Saturday, February 7, 2009

A Jerusalem Dream Awake


Ok, so this is what the first two days here in Jerusalem kind of remind me of….

About six years ago, I participated in the strategic planning team for the Ladue School District. The exercise was performed with 30 participants and led by a well respected educational consultant. The first day was incredibly long, and included four small groups working to create a mission statement for the district. After the entire team of 30 decided the first four efforts captured some, but not all of the essence of the district, a fifth and final team of half a dozen, myself included, traipsed off to take the other groups’ ideas and synthesize them into a satisfactory whole.
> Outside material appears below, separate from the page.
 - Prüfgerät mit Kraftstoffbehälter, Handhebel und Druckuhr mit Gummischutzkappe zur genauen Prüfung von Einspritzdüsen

Problem was, it was about 11:30 at night, and we were, to put it mildly, drop dead tired. We’d been working on all sorts of conceptual themes all day, and our heads were achy and full of fatigue. But strangely, with our defenses down and our commitment to the team up, we stormed with our brains and hearts toward a creative and passionate solution. By one am, the mission statement was accomplished!

It was only much later that I figured out the consultant’s game—he knew darn well that the final group would be utterly exhausted when they took the ball and ran (ok, dragged) with it. But the special nature of tired thinking is how it transforms from conscious (analytical, lineal, etc) to unconscious (heartfelt, creative, visceral). And it was that deep-down tired that permeated the group, and allowed us to cease worrying about how the mission statement would be perceived and whether it was “just so,” and instead to focus on how we related to the district in a very organic and instinctual manner.
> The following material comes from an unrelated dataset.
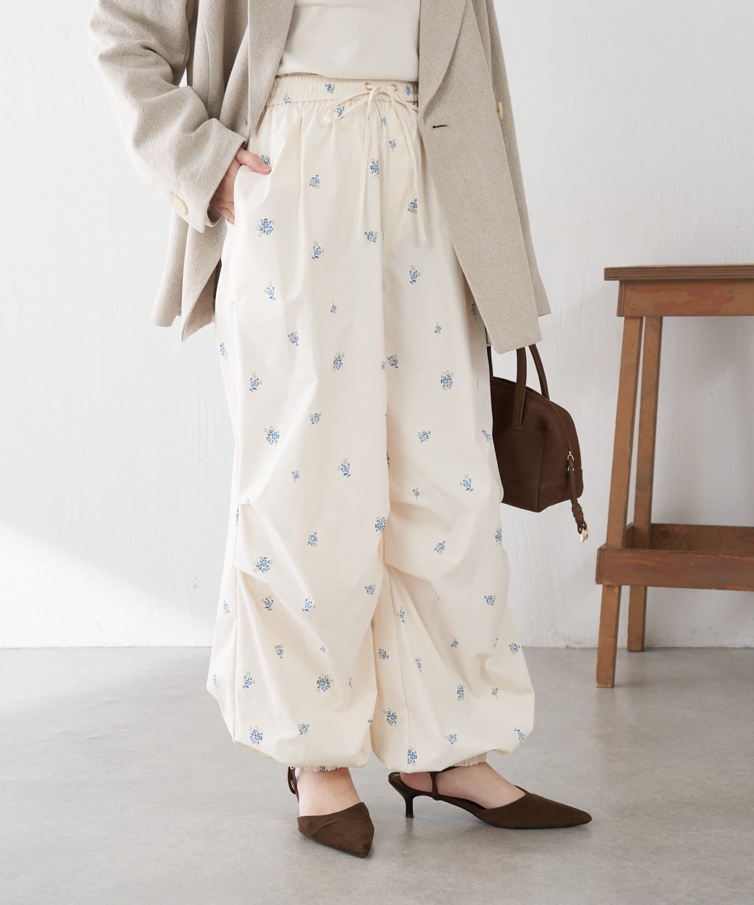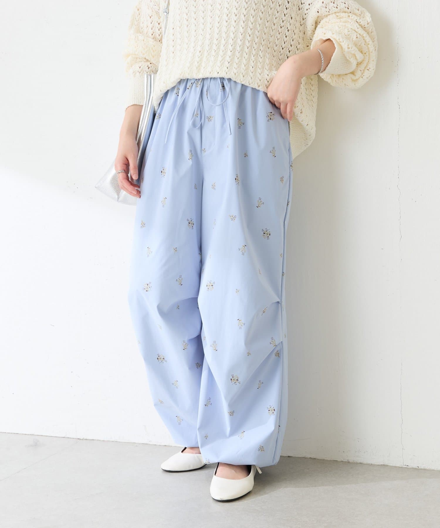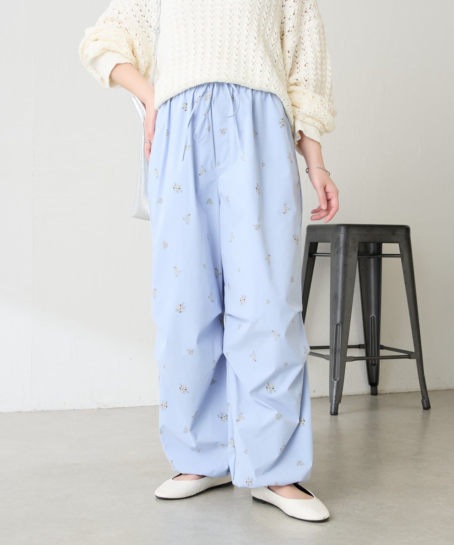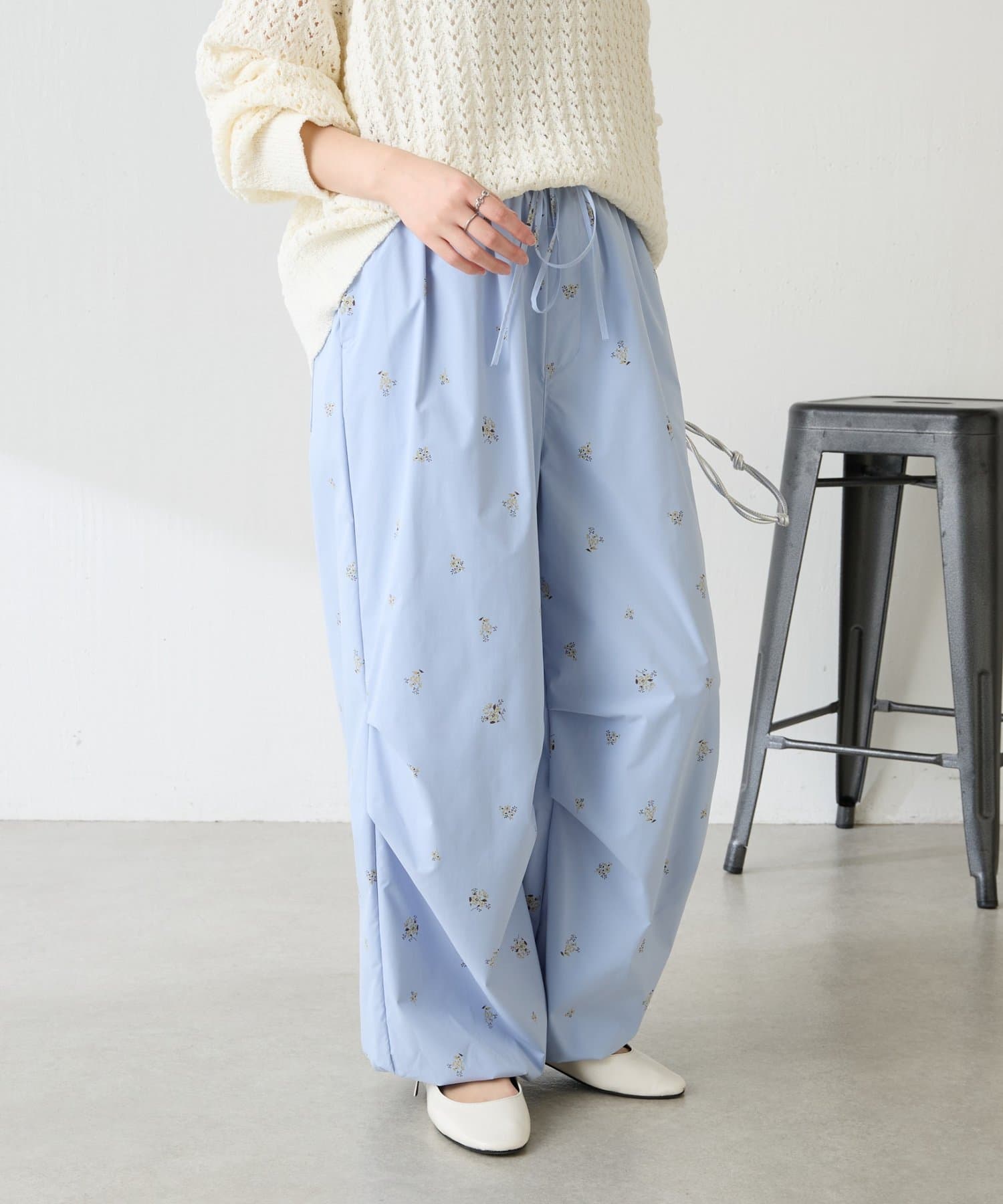・スポーティなパラシュートパンツですが、小花柄とややツヤのある素材で女性らしく着ていただけます。

And so it was with Day 1 in Jerusalem. Not intentionally so….the organizers were not relying on my total body collapse from only 5 of the past 43 hours being devoted to sleep. But there I was, hitting the ground running at 10 am on Friday with our tourguide Mark, as we ascended the walls of the Old City for a breathtakingly panoramic view of Jerusalem.

So before I left, I mused in my column for the paper whether things would hit me intellectually or emotionally. I’m going to say it was really most like an exceptional Impressionist painting – as though Claude Monet were carrying me atop the city on his shoulders.
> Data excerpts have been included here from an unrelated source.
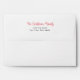 Tropical Christmas envelope, with a palm trees illustration and script typography. With red and black customizable lettering, you add your own information. A cheerful addition to your holiday cards and invitations.
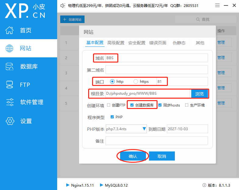各项支持软件准备完成后,就可以进行网页运行环境的构建。网页运行环境的构建主要为“域名”、“端口”、“网页根目录(即存放网页文件的位置)”、“创建数据库”几项。其中,创建数据库时确定的数据库名称、用户名和密码会在网页安装时用到,因此应妥善保存。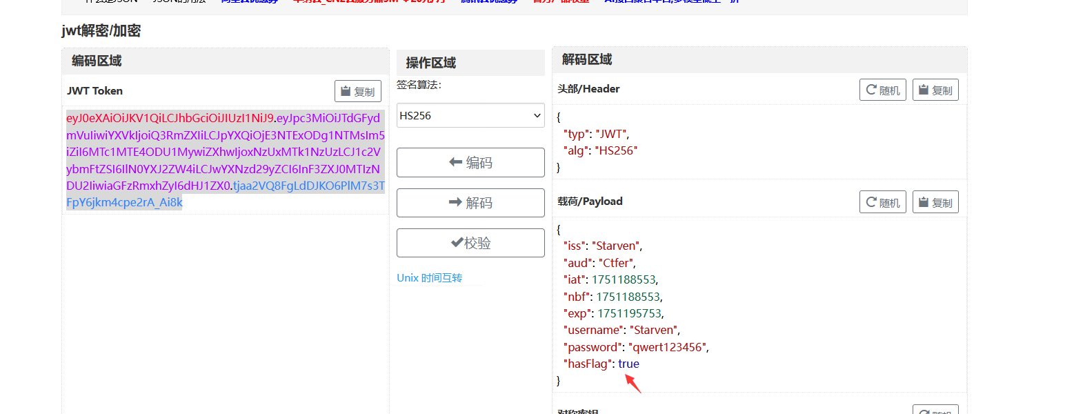 > POST /?welcome=geekchallenge2024 HTTP/1.1 > > Referer: [https://www.sycsec.com](https://www.sycsec.com) > > Starven:I_Want_Flag > > Cookie:token=eyJ0eXAiOiJKV1QiLCJhbGciOiJIUzI1NiJ9.eyJpc3MiOiJTdGFydmVuIiwiYXVkIjoiQ3RmZXIiLCJpYXQiOjE3NTExODg1NTMsIm5iZiI6MTc1MTE4ODU1MywiZXhwIjoxNzUxMTk1NzUzLCJ1c2VybmFtZSI6IlN0YXJ2ZW4iLCJwYXNzd29yZCI6InF3ZXJ0MTIzNDU2IiwiaGFzRmxhZyI6dHJ1ZX0.tjaa2VQ8FgLdDJKO6PlM7s3TFpY6jkm4cpe2rA_Ai8k > > username=Starven&password=qwert123456&hasFlag=true >最后一步的字符串,base64解码可以发现是jwt, 没有 hash 的 serectkey,用在线工具进行jwt伪造就行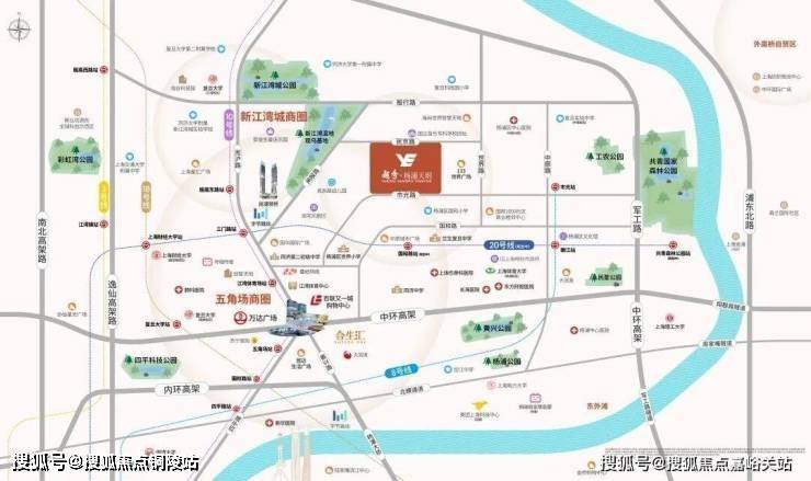【大商圈】直线距离约2.5千米五角场商圈,悦享上海合生汇、上海万达商业广场、百联又一城、悠迈生活广场(原东方商厦)、五角场NS2地块大型商业广场(规划)、苏宁电器广场熟商业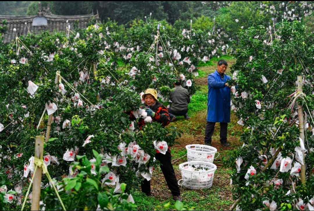 70%的丹棱人收入来自种植柑橘,图为丰收季,家家户户在果园采摘。何浩 | 摄

And so that was how it was as I first laid my eyes (in person anyway) on the Jewish Quarter and Mount Scopus and Hebrew University and the Dome on the Rock and the King David Hotel and the Armenian Quarter and and and and….

It’s not that there weren’t details. Mark was an exceptional font of knowledge, but the amount and extent of it washed over me like waves. I felt like I was surfing and everytime I thought I was gonna ride the Big Kahuna I was toppled by another bout of semi-consciousness and a feeling of “this must really be happening to someone else, not me.”

I wish the pictures could capture that essence. Maybe telling you I almost fell asleep into my lunchplate by midday and one of my traveling companions told me I was snoring while Mark was further educating us about the things we had seen in the morning (sorry, Mark!).

And then the Western Wall on Shabbat on sundown! There, having captured a mini-second wind, I was thinking more clearly and was able to at least pose some questions and observations to myself. Like, are all those different types of Jews really standing next to each other? Do they truly acknowledge the existence of each other? Or, to loosely borrow a phrase typically applied to 2 year olds, were they just engaged in “Parallel Pray,” all drawn to the locale for its religious significance but with little connection between and among them? I wasn’t sure at all. But I was awake enough to know that whatever it is, it’s unique and incredible and something that most, if not all, Jews can relate to in some fashion.

But the most touching moment there, I thought, was when a group of Israeli soldiers entered the secured area near the Wall, en route to praying. And our tourguide, Mark, indicated what an exceptional sight that was, these young adults fulfilling their personal and physical commitment and sacrifice to Israel and simultaneously fulfilling their spiritual and emotional selves with Shabbat prayer. The emotion in Mark’s voice as he talked about it was potent indeed.

We finished the first day with dinner and a discussion about the many meanings of Jerusalem, how it’s seen, why it’s important, what is unique about it. Too many ideas to share here, but so interesting to see that the beauty and challenge of Jerusalem is clearly in the beholder’s eye….its timeliness, its religious significance to so many different groups, its layers upon layers of civilization’s history, its rich-poor splits, its utter and vast complexity.

By the time I hit my pillow, I felt like I had survived a wind tunnel of sorts. But rather than feeling beat up, my reaction was more like…what a rush!